→ Material provided
::::
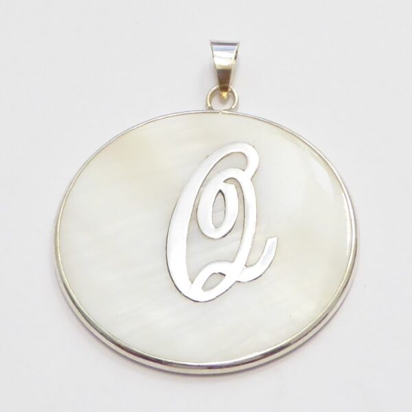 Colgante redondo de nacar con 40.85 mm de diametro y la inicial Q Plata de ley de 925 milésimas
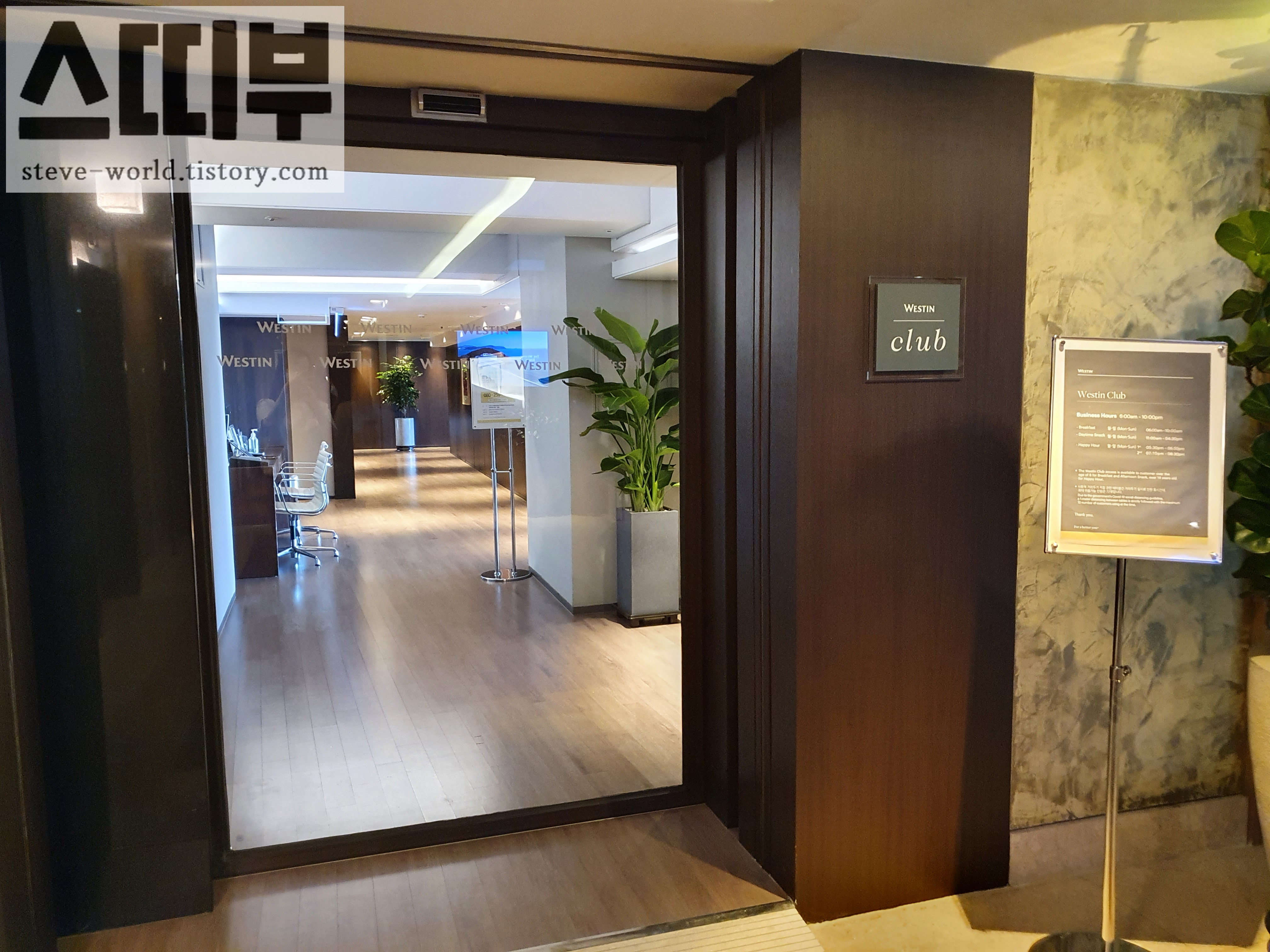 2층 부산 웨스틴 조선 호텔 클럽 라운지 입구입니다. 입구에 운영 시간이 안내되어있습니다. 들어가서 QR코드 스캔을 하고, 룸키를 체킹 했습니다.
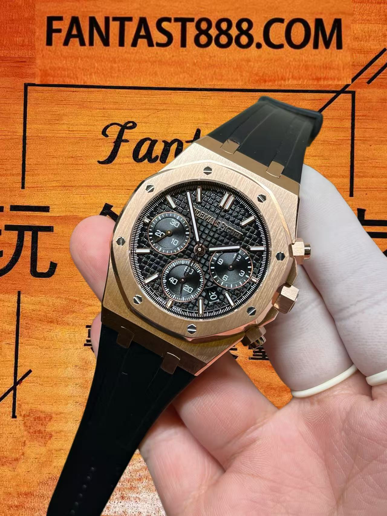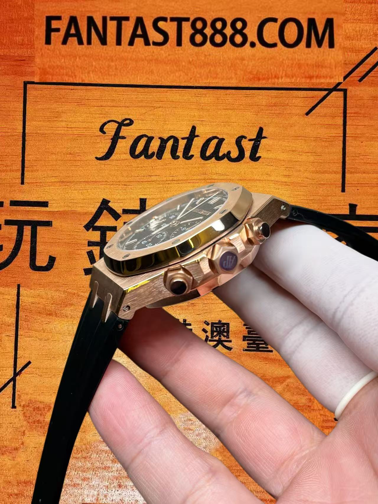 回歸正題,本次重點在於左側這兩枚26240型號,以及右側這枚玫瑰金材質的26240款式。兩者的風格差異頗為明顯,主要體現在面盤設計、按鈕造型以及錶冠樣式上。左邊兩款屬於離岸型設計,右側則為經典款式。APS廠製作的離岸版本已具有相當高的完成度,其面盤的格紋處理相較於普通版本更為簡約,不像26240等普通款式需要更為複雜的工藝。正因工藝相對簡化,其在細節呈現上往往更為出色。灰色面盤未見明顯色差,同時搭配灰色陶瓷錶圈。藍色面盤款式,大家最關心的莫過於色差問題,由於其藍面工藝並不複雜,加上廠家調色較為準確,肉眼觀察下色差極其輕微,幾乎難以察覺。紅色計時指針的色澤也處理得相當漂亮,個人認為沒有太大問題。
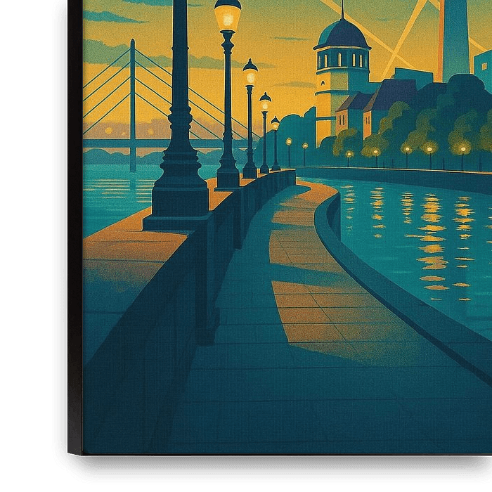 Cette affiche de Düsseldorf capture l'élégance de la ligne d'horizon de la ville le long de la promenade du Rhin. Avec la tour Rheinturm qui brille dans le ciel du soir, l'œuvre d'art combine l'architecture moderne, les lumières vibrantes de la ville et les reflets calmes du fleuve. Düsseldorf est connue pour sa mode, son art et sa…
::::
Could you retype exactly, and only, the lines running from the one with "回歸正題,本次重點在於左側這" to the last line of the listing, while leaving any pictures out?

 回歸正題,本次重點在於左側這兩枚26240型號,以及右側這枚玫瑰金材質的26240款式。兩者的風格差異頗為明顯,主要體現在面盤設計、按鈕造型以及錶冠樣式上。左邊兩款屬於離岸型設計,右側則為經典款式。APS廠製作的離岸版本已具有相當高的完成度,其面盤的格紋處理相較於普通版本更為簡約,不像26240等普通款式需要更為複雜的工藝。正因工藝相對簡化,其在細節呈現上往往更為出色。灰色面盤未見明顯色差,同時搭配灰色陶瓷錶圈。藍色面盤款式,大家最關心的莫過於色差問題,由於其藍面工藝並不複雜,加上廠家調色較為準確,肉眼觀察下色差極其輕微,幾乎難以察覺。紅色計時指針的色澤也處理得相當漂亮,個人認為沒有太大問題。
 Cette affiche de Düsseldorf capture l'élégance de la ligne d'horizon de la ville le long de la promenade du Rhin. Avec la tour Rheinturm qui brille dans le ciel du soir, l'œuvre d'art combine l'architecture moderne, les lumières vibrantes de la ville et les reflets calmes du fleuve. Düsseldorf est connue pour sa mode, son art et sa…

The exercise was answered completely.